Consider the right page as the operations page. It is broken down into three response objectives. What to do for fire, spill or leak, and first aid. Remember that there is a new General First Aid section in the front of the Orange Pages. You will also see specific requirements for decontamination listed in the first aid section.

Use this as a reminder that decon is a form of first aid, and all of the legal issues involved with providing medical aid apply with decontamination. In other words, you cannot force decon on unwilling participants. To see the legal results of this, refer back to the University of Michigan incident in 2002.

At this point, you may ask, what if I don’t have a UN identification number or proper shipping name? Well, go back to Page 1 and use the White Pages as a reference.
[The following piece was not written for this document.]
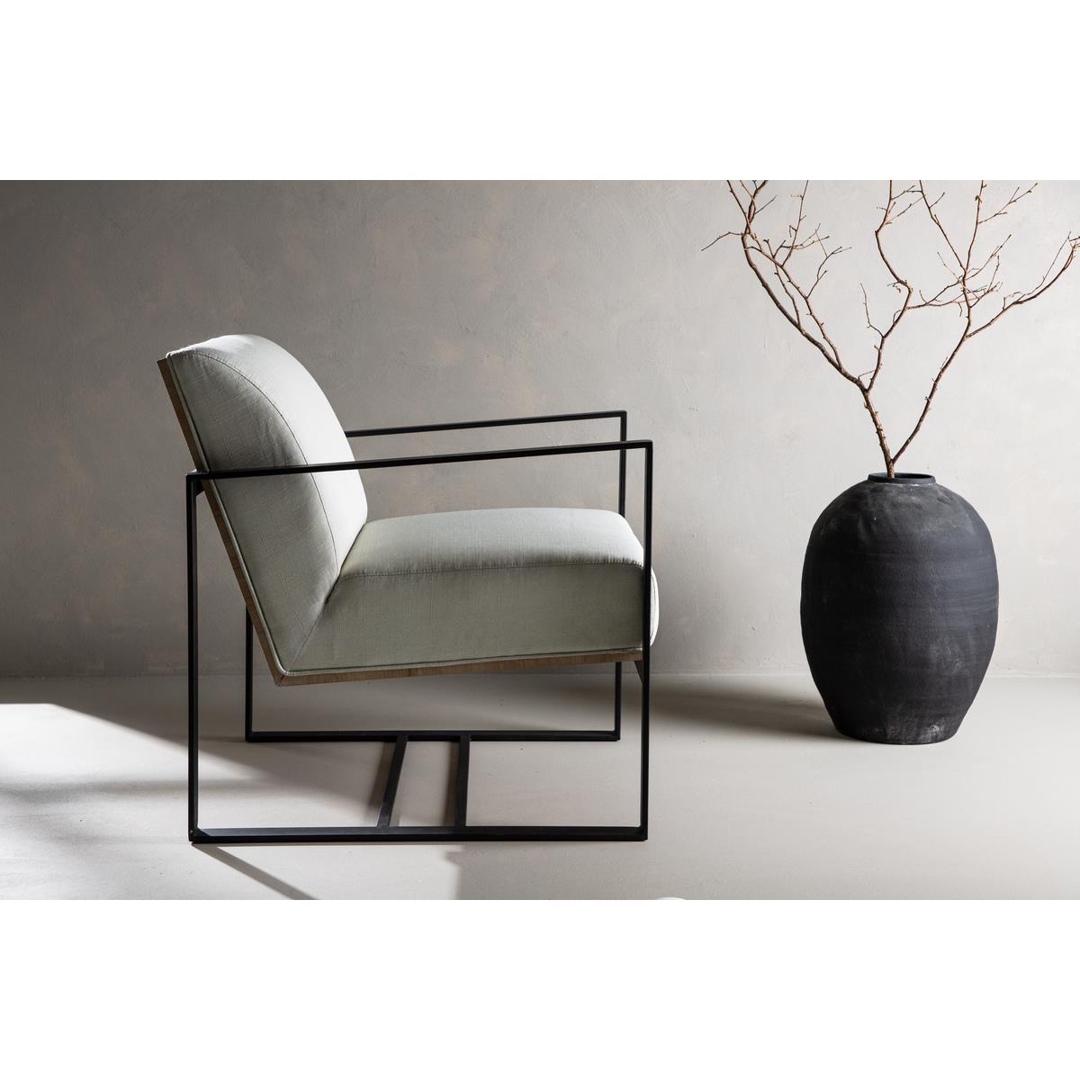 Der Sitz ist in Offwhite gehalten und bietet eine bequeme Sitztiefe sowie eine weiche Polsterung, die dem Möbelstück einen einladenden Eindruck verleiht. Der Korpus ist minimalistisch, in geraden nordischen Formen, gefertigt aus schwarzem Metall.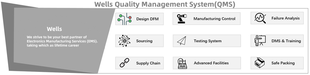 Wells built a Quality Management System (QMS) to ensure excellent delivery of printed circuit boards and assembled products. Our QMS structure looks like this:

Now, things get really vague here. Using only a placard or container shape will get you on the board, but you need to hit the bullseye. However, it still is more than nothing. If you don’t have any of this information either, this is where you will go to the “punt page” or Guide 111, for unknowns. This guide will get a start but will not provide any specifics on response.

Remember that the CBRN items have been moved to the White Pages, and there are more specific response options for evacuation versus shelter-in-place and for providing spill control effectively. As for the three tables in the Green Pages, the main source of protective actions are listed in Table 1. Table 2 is informational only and can be a great resource to hazmat technicians. Table 3 provides specific distances for the six most commonly shipped TIH/PIH.

To illustrate this, look at the amounts of these products shipped. Currently, anhydrous ammonia accounts for approximately 74% of TIH/PIH shipped in the United States, and Chlorine is an additional 22%. This leaves the other four and all of the different chemicals in Table 1.

As always, continue to train and research this amazing reference. If you are still limited on the 2020 ERG, use that as it is still better than nothing. Understand, however, that the 2024 ERG is now available in print, online and app form, so download that app, bookmark the page and get the book just to be safe.